On Friday, Joshua Pickens, a technical surveillance specialist with ATF, testified about the cellular data analysis he performed from several tower dumps near the suspected origin of the Lachman Fire, offering a detailed timeline of Rinderknecht’s movements in the area.
While an initial dump indicated more than 1,000 T-Mobile and AT&T users in the area during a relevant time frame, Pickens said, “there was one phone that stood out in that immediate area.”
The only one that consistently showed up, he said, was Rinderknecht’s.
Haney noted that the ATF was not able to get data from Verizon when it began its investigation on Jan. 10, 2025, because the carrier only saves its data for a limited timeframe—meaning they could have missed many more people in the area—and that not everyone who climbs up a hiking trail on New Year’s Eve will necessarily have a cell phone.

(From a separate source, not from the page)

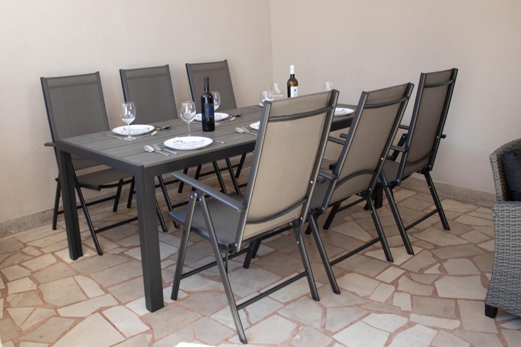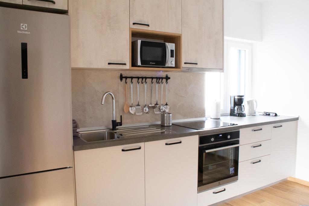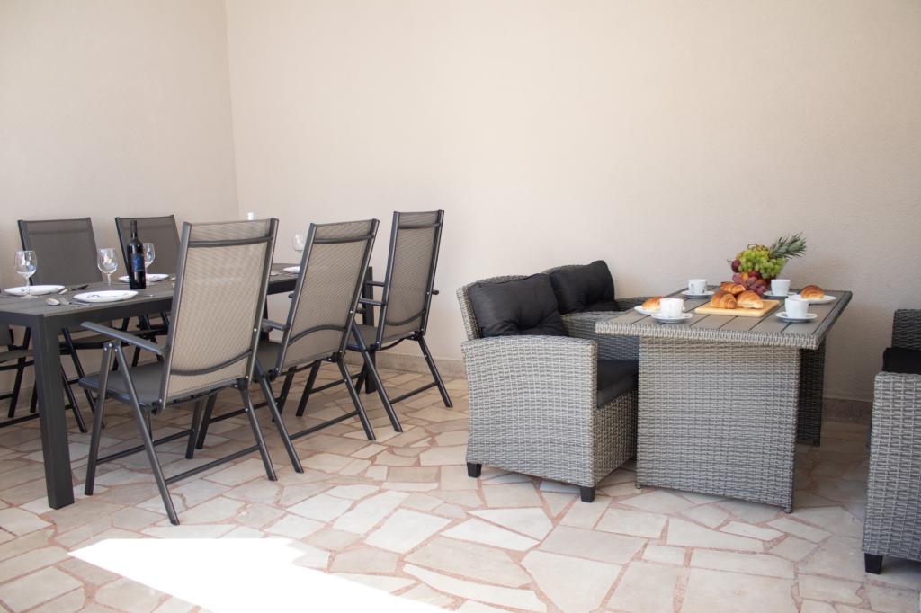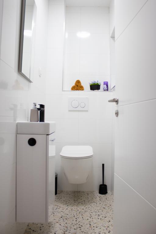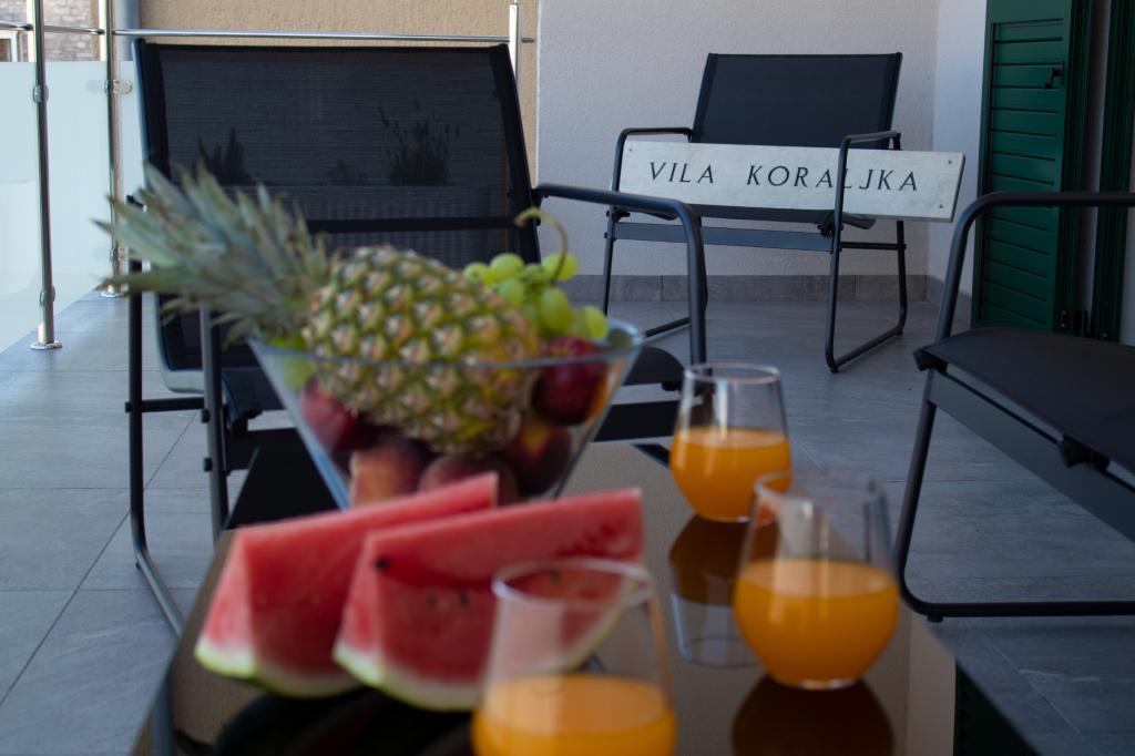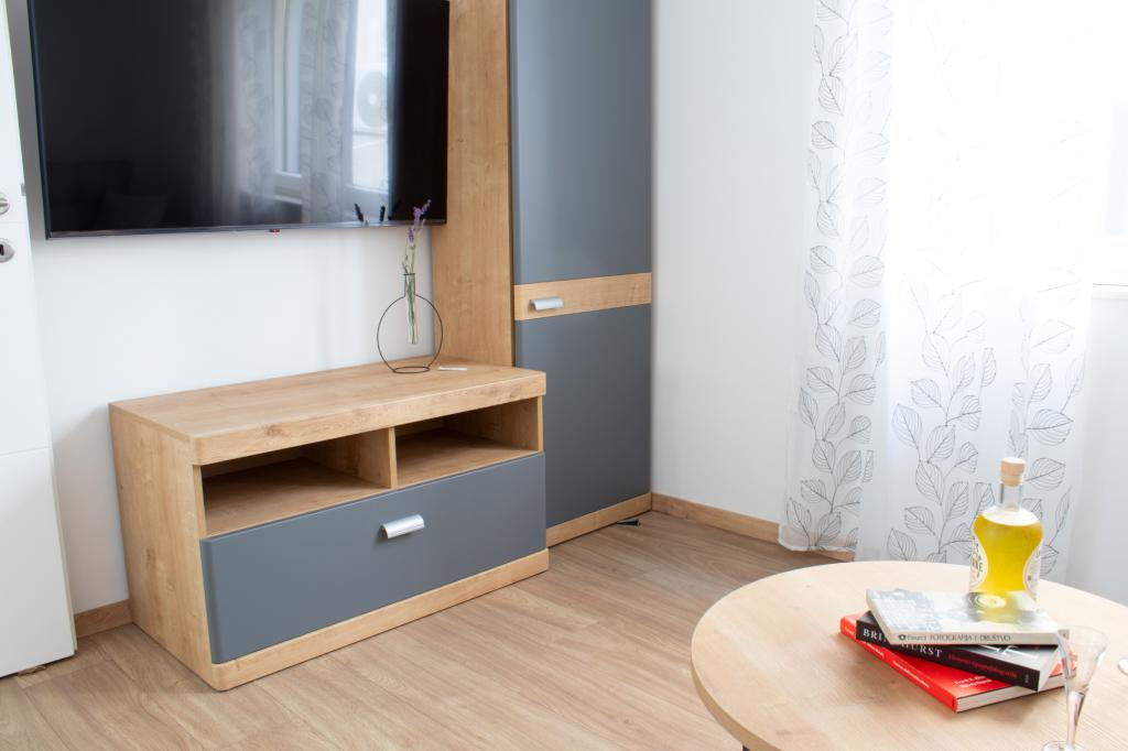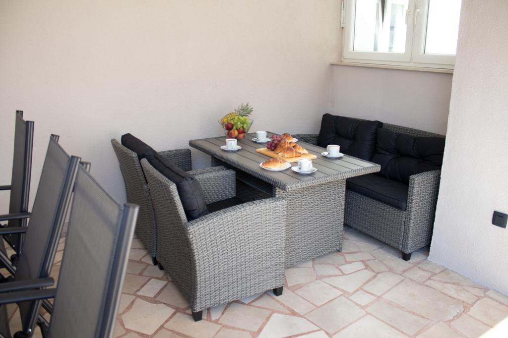 En rummelig 3-værelses lejlighed med terrasse, stor balkon og privat parkeringsplads fylder hele 1. salen i et nyligt totalrenoveret hus på hovedgaden i centrum af Vodice. Det er perfekt beliggende i umiddelbar nærhed af ACI-marinaen, mellem to store bystrande. Inden for 100 m kan du finde byens marked, fiskemarked, butikker, posthus, bank, bageri, apotek, klinik, natklubber og mange caféer og restauranter. Lejligheden består af to soveværelser med en stor dobbeltseng, en skydegarderobe, et skrivebord og et stort smart-tv, en stue udstyret med en stor sovesofa, et klædeskab og et stort smart-tv, et fuldt udstyret køkken (køleskab med dyb fryser , komfur med ovn, mikroovn, opvaskemaskine, kaffemaskine, elkedel) med spisestue, badeværelse (vask, bruser, vaskemaskine) og separat toilet. Alle værelser har aircondition. Indvendig terrasse (25m2), stor altan ud mod havet og grill i gården

Pickens said he looks at the totality of information, noting Rinderknecht told investigators he was the only one in the area, and security camera footage shows he was the only one driving through the neighborhood to the trailhead at the relevant time.
Haney noted Pickens had also analyzed where Rinderknecht was on Jan. 7, 2025.
“He wasn’t anywhere near the origin of the Palisades Fire, was he?”
“That is correct,” Pickens said.
The U.S. Attorney’s Office is expected to rest its case by Wednesday.